The flash suit, the silk tie, the polished shoes, the gold pin on his tie...all wrong for this part of London...
And most of all it was wrong—totally wrong—that a man like that should be asking for her...
His expression had tightened, as if he wasn’t used to being challenged in any way.
‘I need to talk to her.’ His reply ignored her demand. He merely sounded impatient at her delaying tactic. ‘Is she here?’

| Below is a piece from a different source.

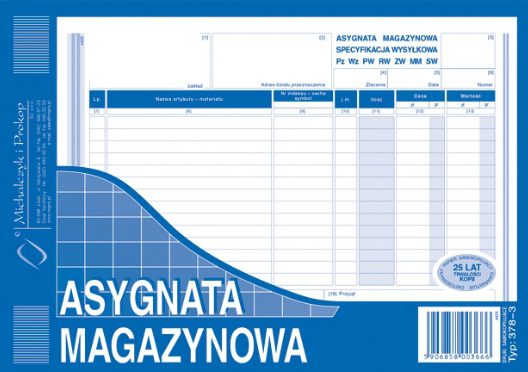 Asygnata magazynowa A5 378-3Asygnata magazynowa A5 378-3

Rosalie’s grip on the door tightened. ‘I’m Rosalie Jones,’ she said. She spoke reluctantly, and was about to repeat her question as to who wanted to know, but the expression on the man’s face had changed.
‘You?’ he said.
There was total disbelief in his voice.
The dark eyes skewered hers. ‘You are Rosalie Jones?’ His mouth tightened to a thin line. ‘Impossible,’ he said.
For a moment he just stared at her, that look of disbelief still upon his ludicrously good-looking face, and Rosalie found herself going ramrod stiff at the way he was looking at her. Because there was more than just disbelief in his face... There was something that suddenly made her burningly conscious of the way she was looking. Of what he was seeing.